I am creating a scatter density diagram for my bachelor thesis. I now have the following problem: I would like to count the respective points in the error zone as well as above and below the error zone. However, the code tells me that there are no points below the error zone. I use the following code to create the error zone and count the points in the error zone
import pandas as pd
import matplotlib.pyplot as plt
import numpy as np
from scipy.stats import gaussian_kde
# Sort data in ascending order
data1_sorted = data1.sort_values(by='data')
# Use of tau values from the already opened data frame data1_sorted
tau_values = data1_sorted['data'].values * 0.15 + 0.05
# Plotting the expected error zone (only the boundary lines)
ax.plot(tau_values + 0.05, data1_sorted['data'].values, color='green', linestyle='--')
ax.plot(tau_values - 0.05, data1_sorted['data'].values, color='green', linestyle='--')
# Count points within the error zone for data1
points_inside_zone_data1 = (data1['data'].values >= (np.min(tau_values) - 0.05)) & (data1['data'].values <= (np.max(tau_values) + 0.05))
# Count points within the error zone for data2
points_inside_zone_data2 = (data2['data'].values >= (np.min(tau_values) - 0.05)) & (data2['data'].values <= (np.max(tau_values) + 0.05))
# Total number of points within the error zone
total_points_inside_zone = np.sum(points_inside_zone_data1) + np.sum(points_inside_zone_data2)
# Total number of points in both data sets
total_points = len(data1) + len(data2)
# Percentage of points within the error zone
percentage_inside_zone = (total_points_inside_zone / total_points) * 100
# Count points above the error zone for data1
points_above_zone_data1 = data1['data'].values > (np.max(tau_values) + 0.05)
# Count points above the error zone for data2
points_above_zone_data2 = data2['data'].values > (np.max(tau_values) + 0.05)
# Count points below the error zone for data1
points_below_zone_data1 = data1['data'].values < (np.min(tau_values) - 0.05)
# Count points below the error zone for data2
points_below_zone_data2 = data2['data'].values < (np.min(tau_values) - 0.05)
# Total number of points below the error zone
total_points_below_zone = np.sum(points_below_zone_data1) + np.sum(points_below_zone_data2)
# Total number of points above the error zone
total_points_above_zone = np.sum(points_above_zone_data1) + np.sum(points_above_zone_data2)
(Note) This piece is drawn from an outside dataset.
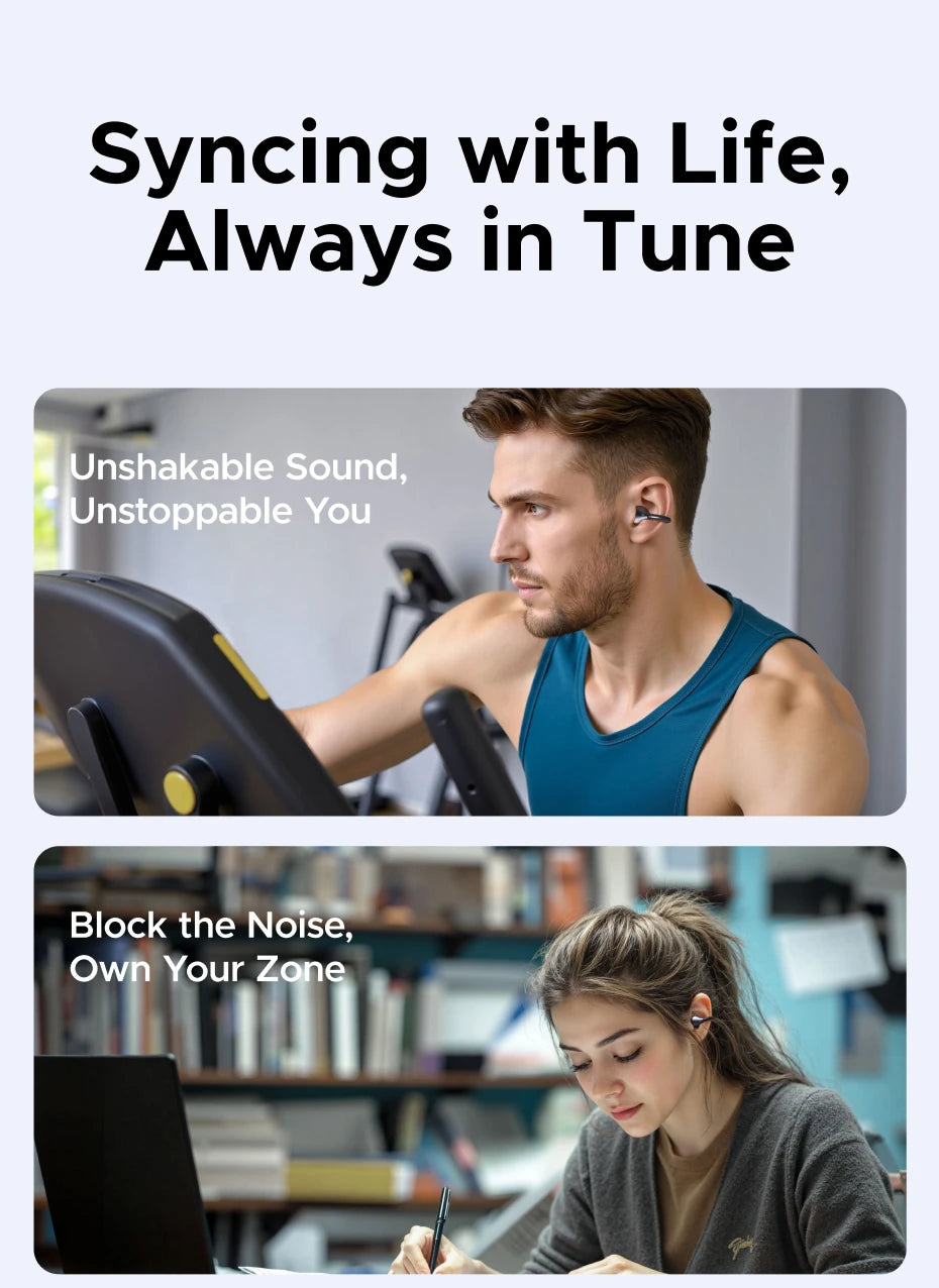 Equipped with 12mm PU + bio-diaphragm dynamic drivers, the ClipBuds deliver full-bodied sound with deep bass, detailed mids, and crisp treble. The addition of Spatial Audio provides a more cinematic and three-dimensional listening experience, enhancing everything from music and podcasts to audiobooks and films. Adaptive bass algorithms ensure balanced sound that adjusts to your environment and content.

# Total number of points in both data sets
total_points = len(data1) + len(data2)
#Percentage of points above the error zone
percentage_above_zone = (total_points_above_zone / total_points) * 100
# Percentage of points below the error zone
percentage_below_zone = (total_points_below_zone / total_points) * 100
# Percentage of points within the error zone
percentage_inside_zone = (total_points_inside_zone / total_points) * 100
I looked for the error in my data points and tried to change it somehow (both files are two .csv files with one column for the values. However, both files have different numbers of entries). I checked to see if there were really no points below the zone by displaying the values of the lower ones. From then on, I am at a loss, I hope you can help me find a solution to this problem.